[[ Data for the task open ]]

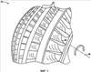 Фиг.7 иллюстрирует вращающуюся компоненту 82 с выемкой для паровой турбины по фиг.4-5. В иллюстрируемом варианте осуществления вращающаяся компонента 82 содержит множество лопаток или лопастей 56, образующих непрерывную круглую конструкцию 84 вокруг оси вращения. Более того, вращающаяся компонента 82 также содержит опорный геометрический элемент 86, прерывающий целостность непрерывной круглой конструкции 84. Примеры такого опорного геометрического элемента 86 включают впадины, такие как зазубрины, выемки, пазы, канавки и т.д.
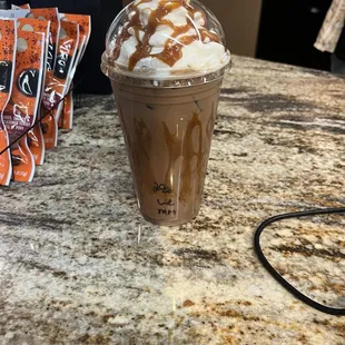 Chocolate mocha with lots of whipped cream and mocha drizzle!! Total yumminess!!
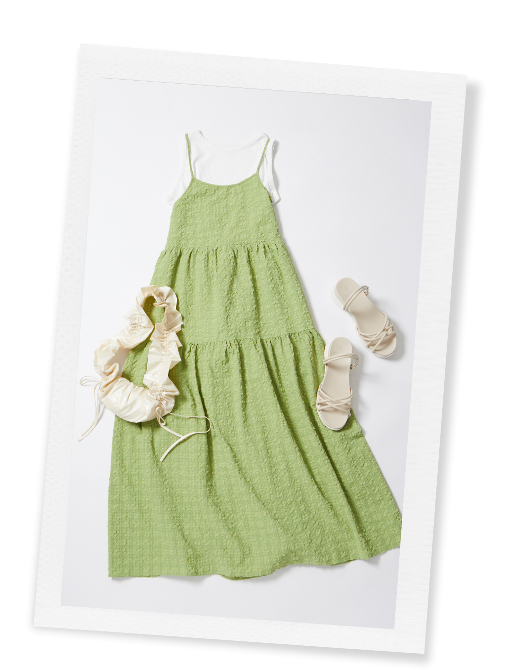 下重心で華奢ボディが特徴のウェーブタイプは、インナーはコンパクトなタンクトップがおすすめ。胸元が寂しく見えないよう、ストラップは短めに調節し、胸下のティアード切り替えでウエスト位置を高めて。小物はイエベ肌やグリーンとも相性のいいアイボリー系で統一。華やかなフリルで女性らしく。
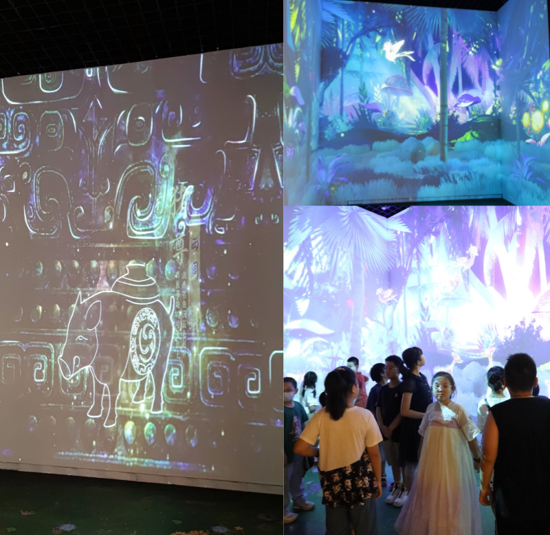 展厅结尾处还设置了互动体验区,将绘画与虚拟现实技术相结合,用新奇的互动体验为孩子们建立起青铜纹饰与动物形象之间的关联,以增强观众、特别是青少年朋友参观的趣味性。
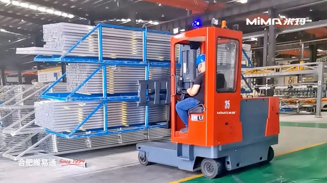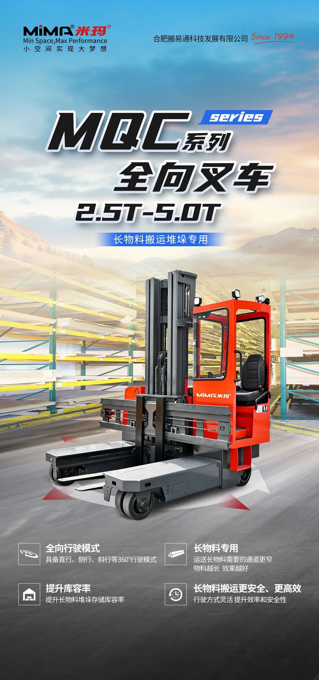 MiMA米瑪MQC系列全向叉車,專為搬運堆垛長物料而設計,全向行駛靈活穿梭,狹窄通道應對自如,有效提高倉儲空間利用率,讓長物料搬運堆垛更輕松,廣泛服務于幕墻、鋁型材、木材等多個行業(yè)。
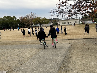 朝の休み時間、バランスよく一輪車に乗っている4年生をみつけました。4年生になってから練習をはじめたとのこと。とても上手になりました!
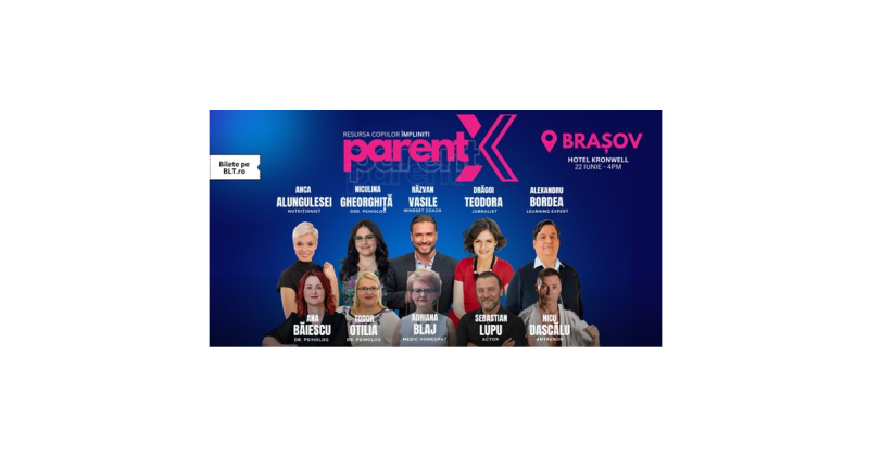 PARENTX, fenomenul educațional ce promite să schimbe percepțiile și să deschidă noi orizonturi în relaționarea părinte-copil, ajunge pe 22 iunie 2024 la Brașov. Evenimentul are loc, de la ora 16:00, la Hotel Kronwell. Printre speakerii prezenți la eveniment se numără personalitati precum Niculina Gheorghiță, Răzvan Vasile, Otilia Todor, Ana Baiescu, Anca Alungulesei, cât și mulți alți experți în psihologie, psiho-nutriție, dependente la copii sau învățare. PARENTX a mai avut anul acesta două conferințe la București si cate una la Iași, Cluj si Sibiu, toate fiind SOLD OUT. Banii proveniți din vânzarea biletelor vor fi folosiți pentru organizarea cursurilor de dezvoltare personală pentru copii aflați în risc de abandon școlar.
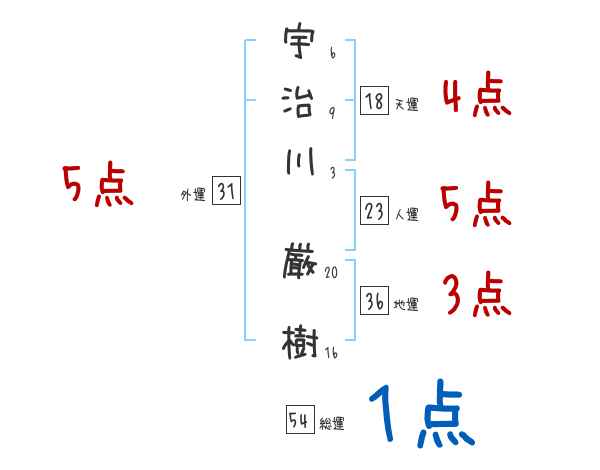 宇治川厳樹さんの画数の鑑定結果
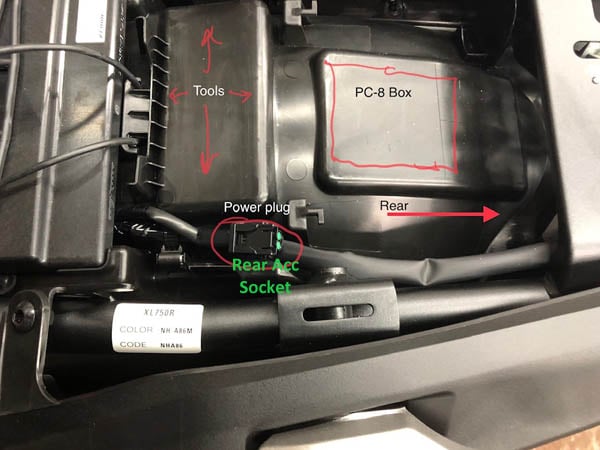 Please confirm your Xl750 has the following connector under the passenger seat, before purchasing either Acc Socket Harness. The US model has this connector.
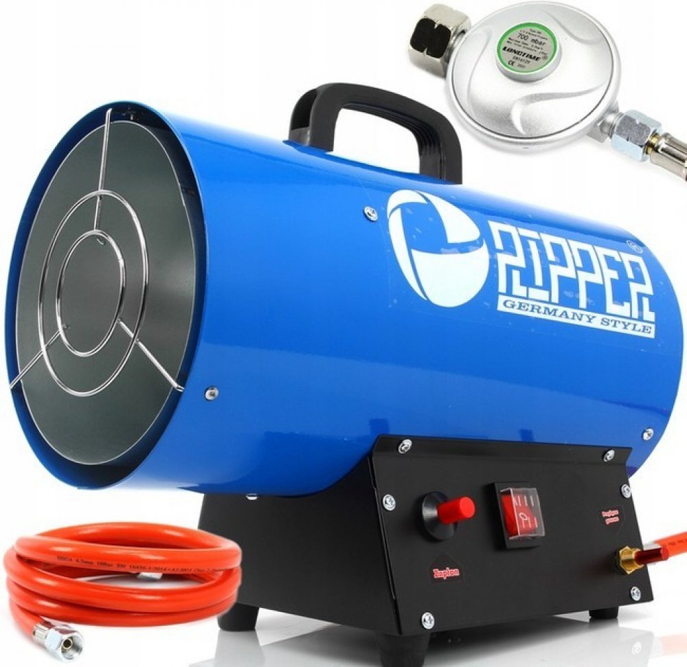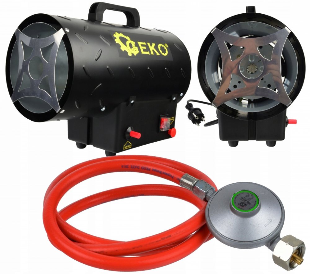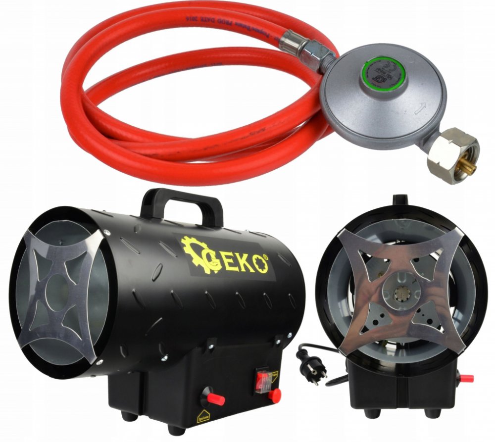 Plynový ohřívač 15kW + hadice a redukce je pečlivě zhotovené zařízení s jednoduchou konstrukcí, které se vyznačuje vysokou účinností. Disponuje vestavěným piezoelektrickým zapalováním a bezpečnostním zařízením proti přehřátí, které automaticky odřízne přívod plynu, čímž zajišťuje bezpečné používání.
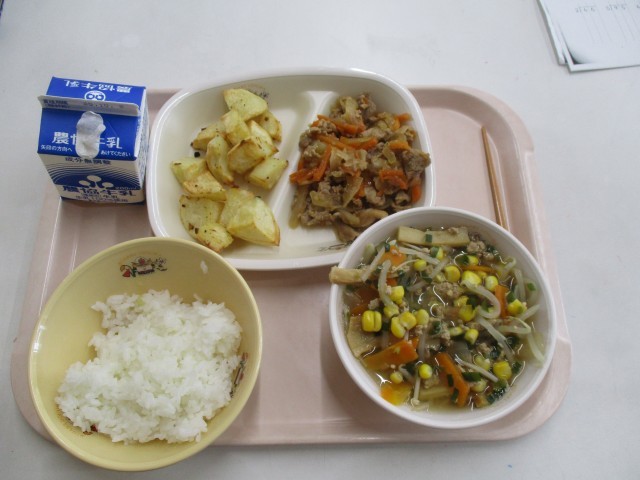 今日(10月1日)のj給食メニューは、「こしひかり」「牛乳」「ごま焼肉」「ローストポテト」「どさんこ汁」です。
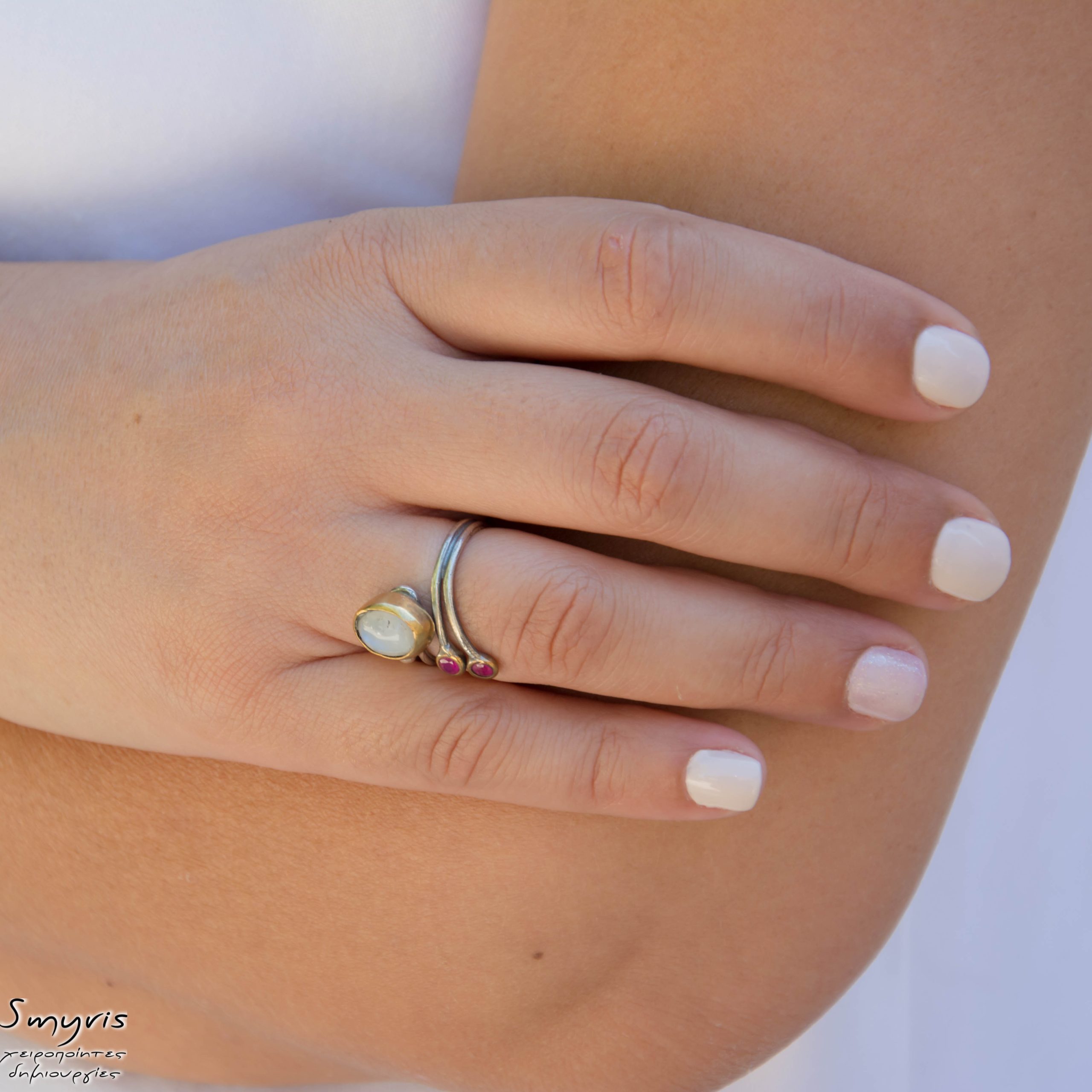 Ένα ασημένιο δαχτυλίδι ανοικτό με φεγγαρόπετρα και ρουμπινίτη. Που τις δύσκολες σου ώρες θα σου θυμίζει, ότι όσο δύσκολα κι αν είναι τα πράγματα την συγκεκριμένη στιγμή, όλα θα γίνουν καλύτερα.

[[ Data for the task closed ]]

What you should do -
Output the line that contains "Please confirm your" and every subsequent line through the end of the entries, exactly as given, without pictures.

Exercise response -
 Please confirm your Xl750 has the following connector under the passenger seat, before purchasing either Acc Socket Harness. The US model has this connector.
 Plynový ohřívač 15kW + hadice a redukce je pečlivě zhotovené zařízení s jednoduchou konstrukcí, které se vyznačuje vysokou účinností. Disponuje vestavěným piezoelektrickým zapalováním a bezpečnostním zařízením proti přehřátí, které automaticky odřízne přívod plynu, čímž zajišťuje bezpečné používání.
 今日(10月1日)のj給食メニューは、「こしひかり」「牛乳」「ごま焼肉」「ローストポテト」「どさんこ汁」です。
 Ένα ασημένιο δαχτυλίδι ανοικτό με φεγγαρόπετρα και ρουμπινίτη. Που τις δύσκολες σου ώρες θα σου θυμίζει, ότι όσο δύσκολα κι αν είναι τα πράγματα την συγκεκριμένη στιγμή, όλα θα γίνουν καλύτερα.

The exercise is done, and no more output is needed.